Nursing diagnosis represent the nurse’s clinical judgment about actual or potential health problems/life process occurring with the individual, family, group or community. The accuracy of the nursing diagnosis is validated when a nurse is able to clearly identify and link to the defining characteristics, related factors and/or risk factors found within the patients assessment. Multiple nursing diagnosis may be made for one client.

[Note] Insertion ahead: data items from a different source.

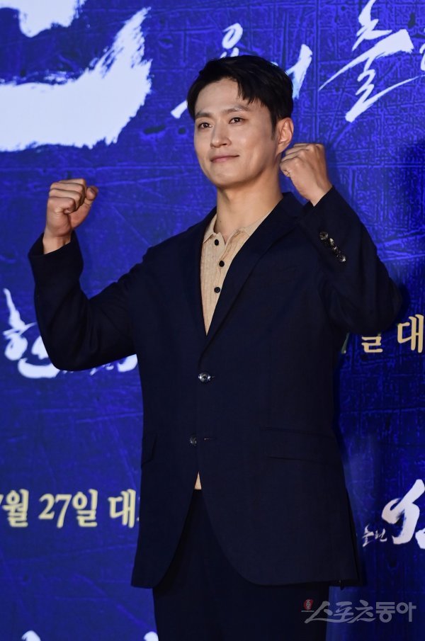 배우 김성규가 28일 서울 광진구 자양동 롯데시네마 건대입구점에서 열린 영화 ‘한산: 용의 출현’ 제작보고회에서 포즈를 취하고 있다.
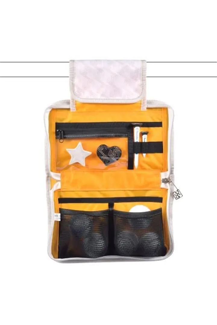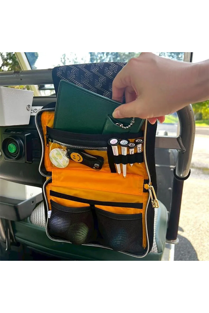 ゴルフ前日に、必要なモノをポーチに準備して当日はゴルフカートの後部座席前のバーに吊るしてご使用いただけます。
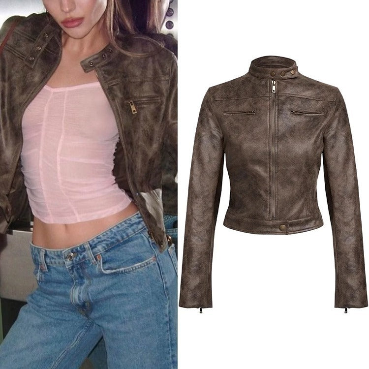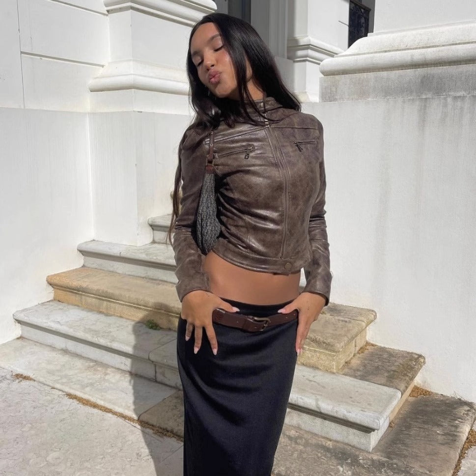 Maillard Motorcycle Hot Girl Vintage Distressed Leather Coat
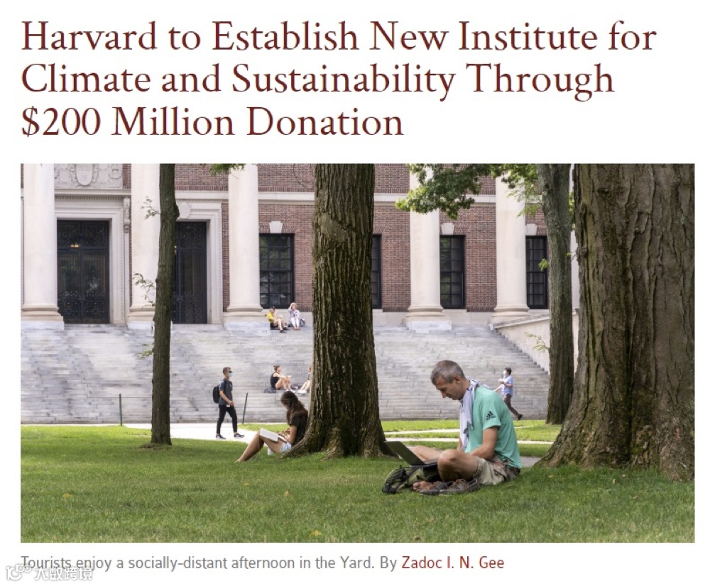 今年6月,哈佛大学宣布将利用2亿美元的捐赠,在今年秋季创立Salata气候与可持续发展研究所,这是一项具有开创性的举措。
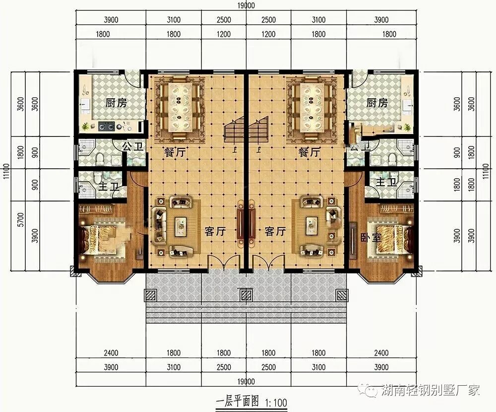 两户共用一堵墙,布局左右对称,入户即是客厅,厨房、餐厅布局合理,为了遵从当地风俗,后侧还留了一扇门。
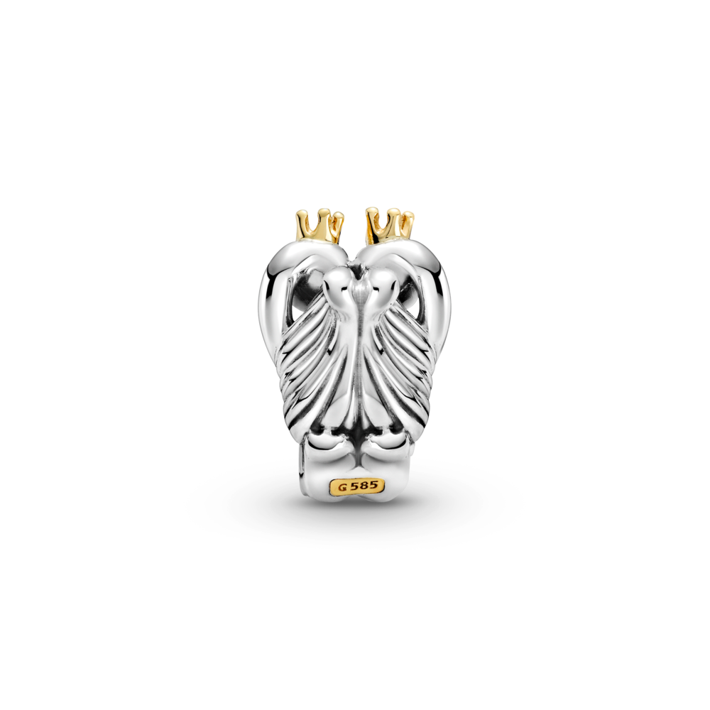Embody graceful elegance with the Two-tone Swans & Heart Charm. Hand-finished in sterling silver and 14k gold. this charm features two swans curving to form a heart shape and has a gold hallmark stamp disc on the bottom. With lifelike details including feathered wings. eyes and beaks. the swans wear 14k gold crowns on their heads and represent love. magic and happily ever after. Never forget the power of two becoming one when you wear this heartfelt charm.
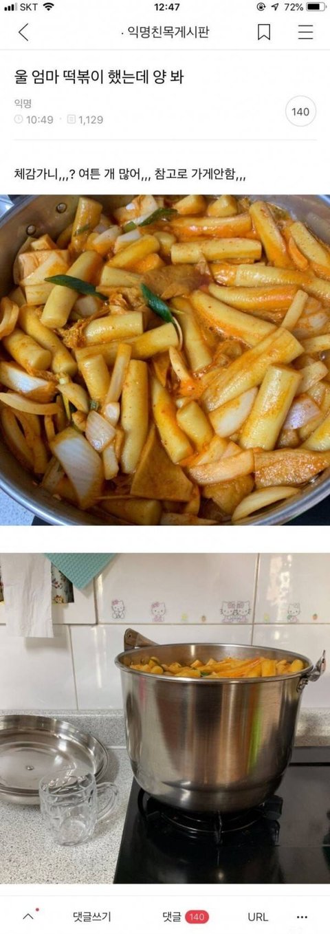 엄마 여행가셔? 남편한테 곰탕 한 솥 끓여놓고 여행가시듯이 자식한테는 떡볶이 잔뜩 만들어놓고 여행가시는거? ㅋㅋㅋ
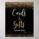 Cards & Gifts Party Sign Black & Gold Glitter
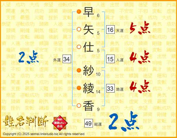 早(6画)矢(5画)仕(5画) 紗(10画)綾(14画)香(9画)
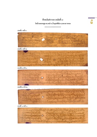 ตนฉบับต ำรำยำ (ฉบับที่ ๑) ้ ่ ้ วัดบำนดอนตูม ต.เหลำ อ.โกสุมพิสย จ.มหำสำรคำม ๕๑ ั ******************* ลำนที่ ๑ หนำ ๑ ้ ้ ลำนที่ ๑ หนำ ๒ ้ ลำนที่ ๒ หนำ ๑ ้ ลำนที่ ๒ หนำ ๒ ลำนที่ ๓ หนำ ๑ ้
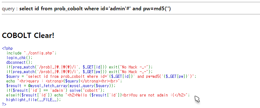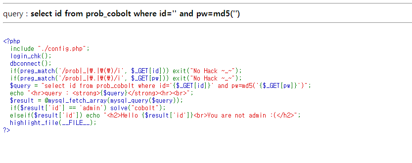 $query = "select id from prob_cobolt where id='{$_GET[id]}' and pw=md5('{$_GET[pw]}')";
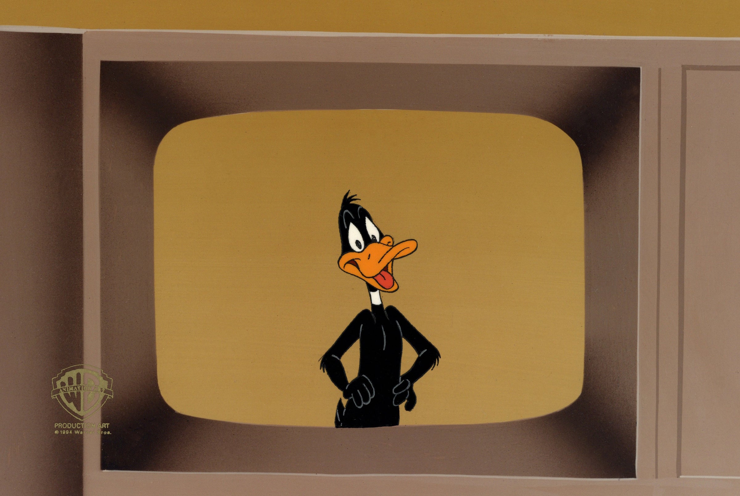 ABOUT THE IMAGE: In the animated feature "Daffy Duck's Quackbusters", wealthy J.P. Cubish has promised his fortune to anyone who can make him laugh. After Cubish dies, Daffy Duck, who won the job of personal court jester, lands the inheritance. The rub is that Cubish has demanded the person who receives his money use the funds for good. Daffy mocks the notion until Cubish's ghost starts haunting him. Determined to be rid of the spirit, Daffy recruits his friends -- Porky Pig, Bugs Bunny and others -- to start a ghost-busting service. This piece comes with a certificate of authenticity.
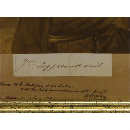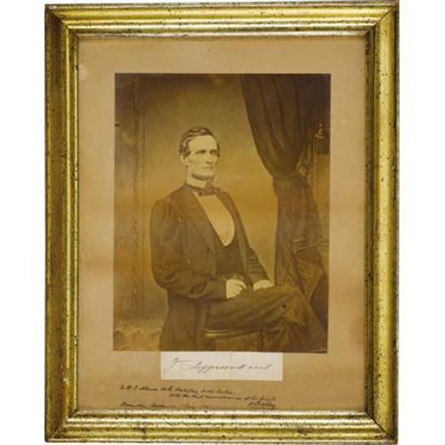 <B>PRESIDENT JEFFERSON DAVIS SIGNED LARGE PHOTOGRAPH - BERMUDA 1865 ALSO SIGNED BY CONFEDERATE SECRET AGENT GEN. WILLIAM PRESTON AS EMISSARY TO ARCHDUKE MAXIMILIAN</B></I>. A rare large albumen photograph of the Confederate president in original gold gilt frame, 15.5” x 19.5”, taken from life by C. R. Rees in Richmond, Va., ca. 1863, with large signature of President Davis mounted beneath. This rare photograph portrait was hand carried by Confederate General William Preston on his secret mission to establish diplomatic relations with Archduke Maximilian, who had just been appointed the Emperor of Mexico. Beautifully presented by Gen. Preston in Hamilton, Bermuda, on January 5, 1865. A quadruple rarity, as the photograph is a great rarity by itself, the fact that it was presented by a Confederate general while on a secret diplomatic mission and being presented in Hamilton, Bermuda, an important Confederate blockade-runner port, and lastly to a Confederate secret agent in Canada makes it especially desirable. <BR><BR><B>Provenance:</B></I><I> William Albaugh Collection, </B></I>author of <I>Confederate Weapons</B></I> and <I>Confederate Faces.</B></I><BR><BR><B>Condition:</B></I> Fine, good contrast, has some discoloration on card .<BR><BR><b>Shipping:</b> Framed - with Glass, Small (<a target="_blank" href="http://www.heritageauctions.com/common/shipping.php">view shipping information</a>)
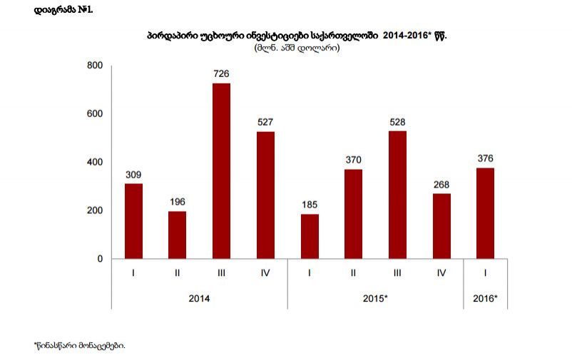წინასწარი მონაცემებით, 2016 წლის I კვარტალში საქართველოში პირდაპირი უცხოური ინვესტიციების შემომავალმა ნაკადებმა 1331 მლნ. აშშ დოლარი შეადგინა.
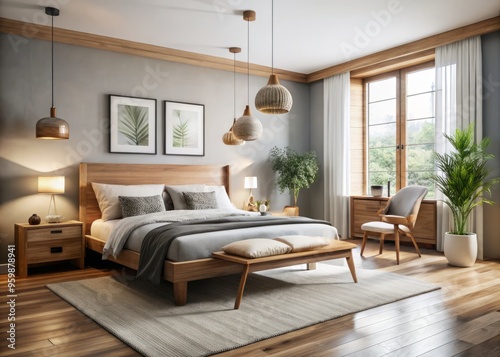 A serene modern bedroom incorporates Scandinavian-inspired furniture, characterized by neutral color palettes, sleek
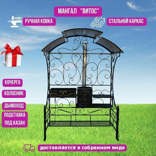 Мангал "Витос" с крышей, жаровней и печью под казан c дымоходом, для шашлыка и плова на даче, кованый уличный навес для отдыха на природе из стали 3 мм, стационарный, высокий, большой, каркасный~PDXМангал беседка "Флоренция" с крышей для дачи и отдыха на природе, кованый уличный навес из стали 3 мм, с жаровней для шашлыка, печью под казан с дымоходом, стационарный, высокий, мангальная зона~Саженец роза плетистая Шнивальцер
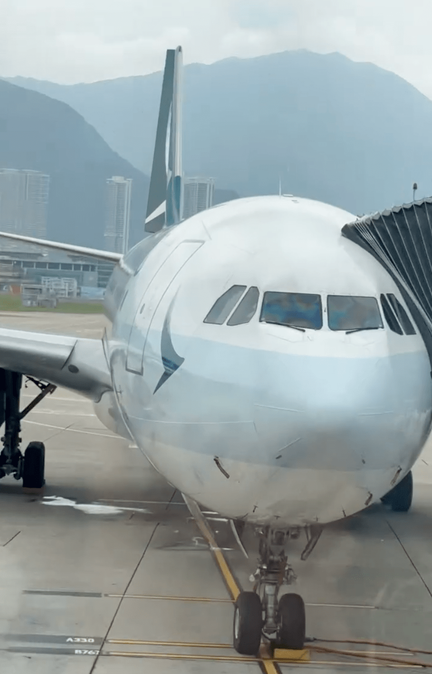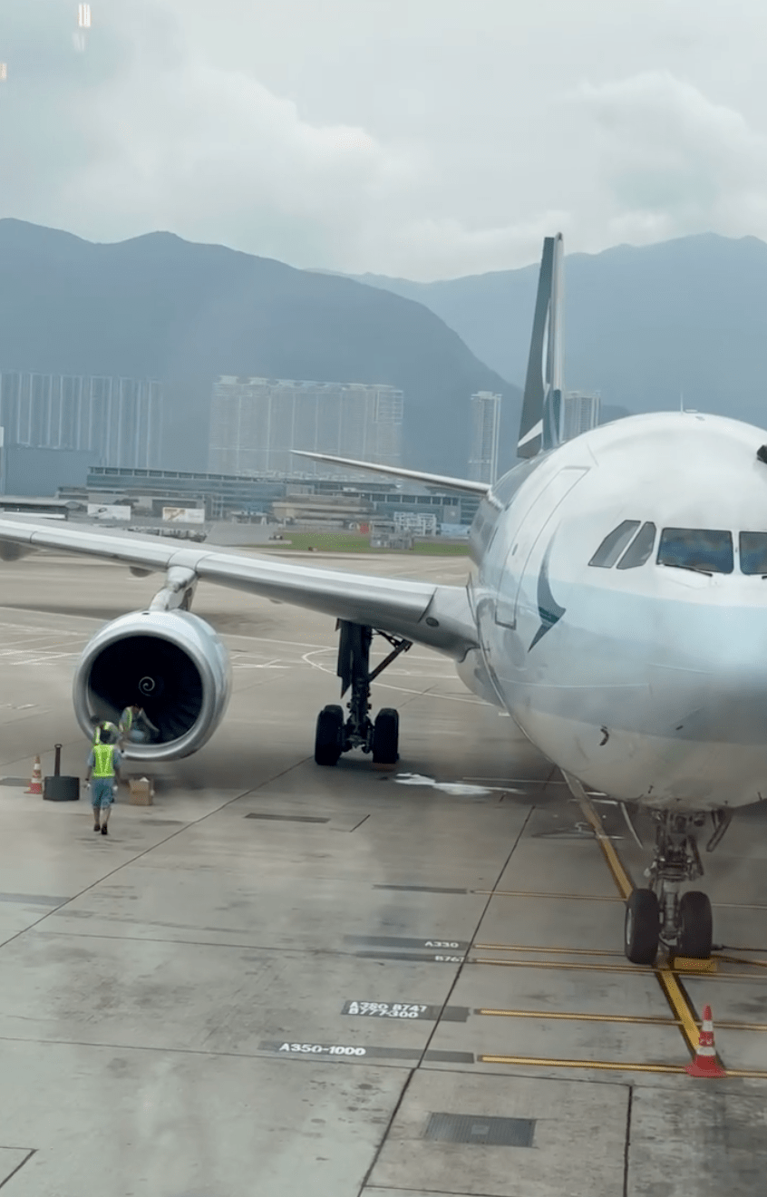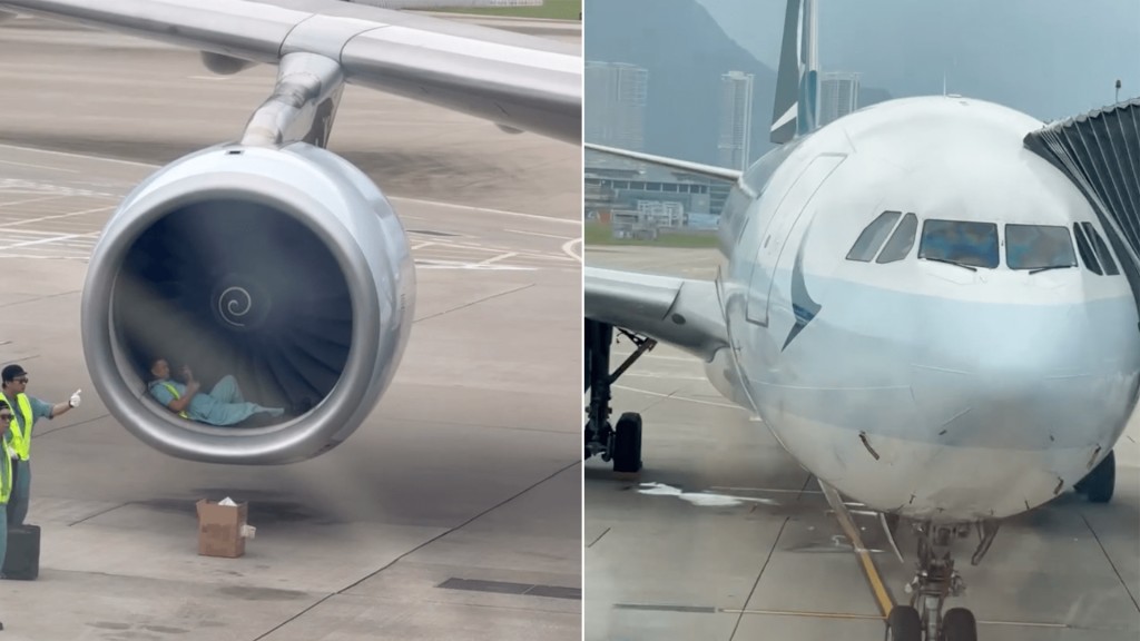 The image showed several ground crew working near the wing and engine of a parked Cathay Pacific A330-300 aircraft at Hong Kong International Airport. One person was lying in front of the engine intake, while two others stood on the outer side. A cardboard box was also visible on the ground.
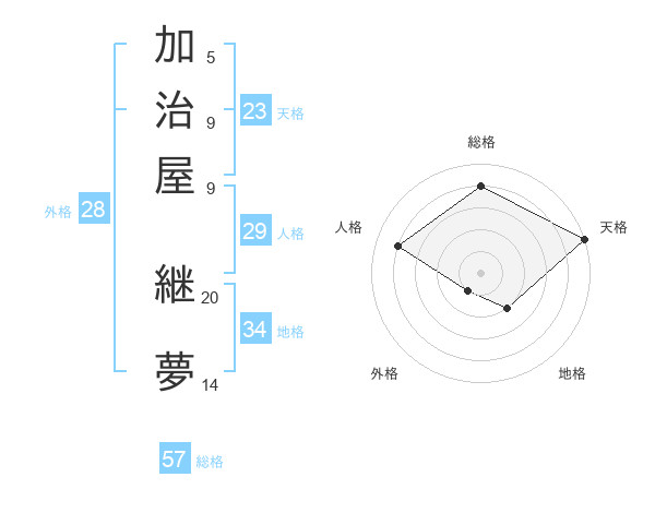 加治屋 継夢さんを姓名の画数から五運を鑑定

Planning phase-Nursing care plan

In agreement with the client, the nurse addresses each of the problems identified in the diagnosing phase. When there are multiple nursing diagnosis to be addressed, the nurse prioritizes which diagnosis will receive the most attention first according to their severity and potential for causing more serious harm. For each problem a measurable goal/outcome is set. For each goal/outcome, the nurse selects nursing interventions that will help achieve the goal/outcome. A common method of formulating the expected outcomes is to use the evidence-based Nursing Outcomes Classification to allow for the use of standardized language which improves consistency of terminology, definition and outcome measures. The interventions used in the Nursing Interventions Classification again allow for the use of standardized language which improves consistency of terminology, definition and ability to identify nursing activities, which can also be linked to nursing workload and staffing indices. The result of this phase is a nursing care plan.

Implementing Phase

The nurse implements the nursing care plan performing the determined interventions that were selected to help meet the goals/ outcomes that were established. Delegated tasks and the monitoring of them is included here as well.

Activities

·           pre-assessment of the client-done before just carrying out implementation to determine if it is relevant

·           determine need for assistance

·           implementation of nursing orders

·           delegating and supervising-determines who to carry out what action

Evaluating Phase

The nurse evaluates the progress toward the goals/outcomes identified in the previous phases. If progress towards the goal is slow, or if regression has occurred, the nurse must change the plan of care accordingly. Conversely, if the goal has been achieved then the care can cease. New problems may be identified at this stage, and thus the process will start all over again.

 

Characteristics of Nursing Process

The nursing process is a cyclical and ongoing process that can end at any stage if the problem is solved. The nursing process exists for every problem that the individual/family/community has. The nursing process not only focuses on ways to improve physical needs, but also on social and emotional needs as well.

·           Cyclic and dynamic

·           Goal directed and client centred

·           Interpersonal and collaborative

·           Universally applicable

·           Systematic

The entire process is recorded or documented in order to inform all members of the health care team.